LPGA Founder Helen Hicks was America’s Female Professional Golfer

First Lady

Someone had to be first. In the history of golf, the 13 original Founders of the LPGA have been rightly heralded for their vision, tenacity, resourcefulness and dogged persistence as they created what has now become the oldest professional league in women’s sports. This year, those Founders who were not already included will be inducted into the World Golf Hall of Fame during the 124th U.S. Open at Pinehurst Resort, a celebration of the Hall’s move from St. Augustine, Fla. to the Village of Pinehurst in North Carolina. One of those new inductees will be a woman many people don’t know. That is a shame, really since Helen Hicks, one of the original 13, was the very first woman professional golfer.

There were a few club pros in the pre-World War II era, although even those numbers were a pittance compared to the swelling ranks of men within the PGA of America. In the early days of American golf, most club pros – all men – came from Great Britain where golf had been an honorable craft for three centuries.

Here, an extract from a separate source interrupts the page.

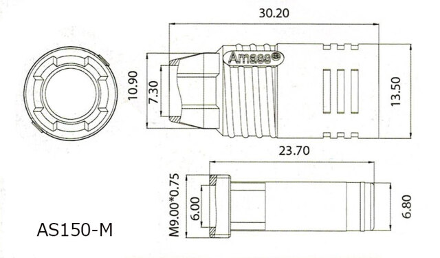 ●接続後のハウジング外寸:13.5mm径x49mm長
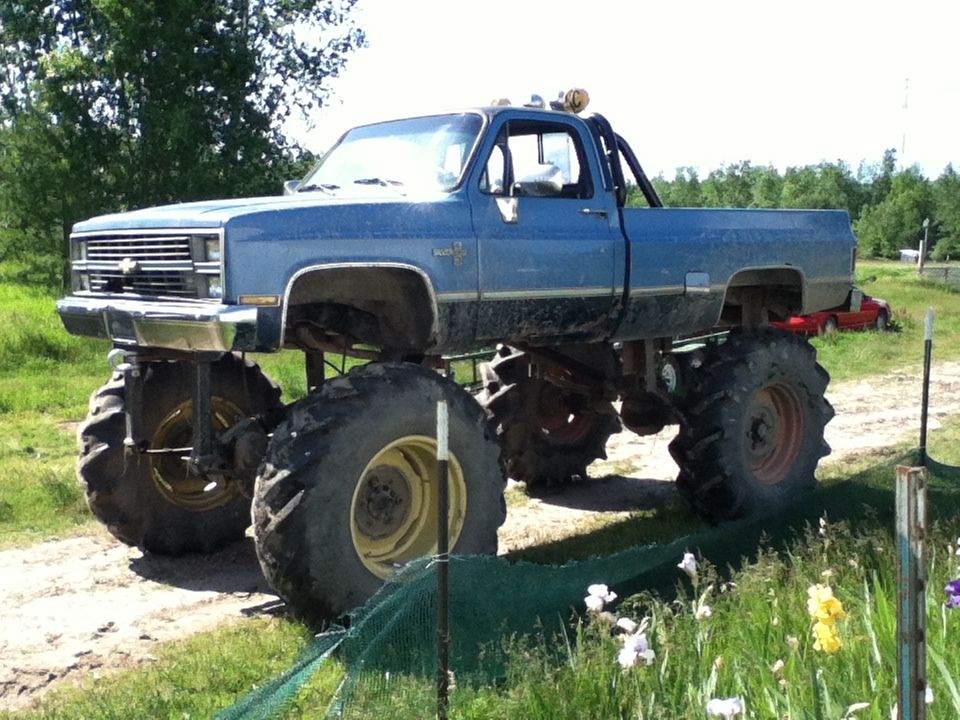 87 chevy short box 1 tons 38s 350 vortec 350 th 208

By the 1930s, the game was full of magnificent women amateurs. Among them were Margaret and Harriot Curtis, creators of the Curtis Cup; Glenna Collette Vare, for whom the Vare Trophy is named; Alexa Stirling, friend and inspiration for a young Bobby Jones; World Golf Hall of Fame member Marion Hollins; and Edith Cummings, whom F. Scott Fitzgerald would make famous as the literary model for Jordan Baker in The Great Gatsby But only a handful of women – Helen McDonald in Chicago and Bessie Fenn in Palm Beach, Fla., for instance – made a living teaching the game. No woman earned a wage playing or promoting golf. Such an idea seemed absurd at the time.

Then came Helen Hicks.

In 1934, the gregarious girl who grew up in Cedarhurst, N.Y. signed a contract with Wilson Sporting Goods to travel the country promoting the Wilson brand. She had a pilot’s license for a single-engine private plane, so barnstorming and giving exhibitions was easier for Helen than for some others. But it was a radical move by the leaders at Wilson and a giant leap of faith by an athlete.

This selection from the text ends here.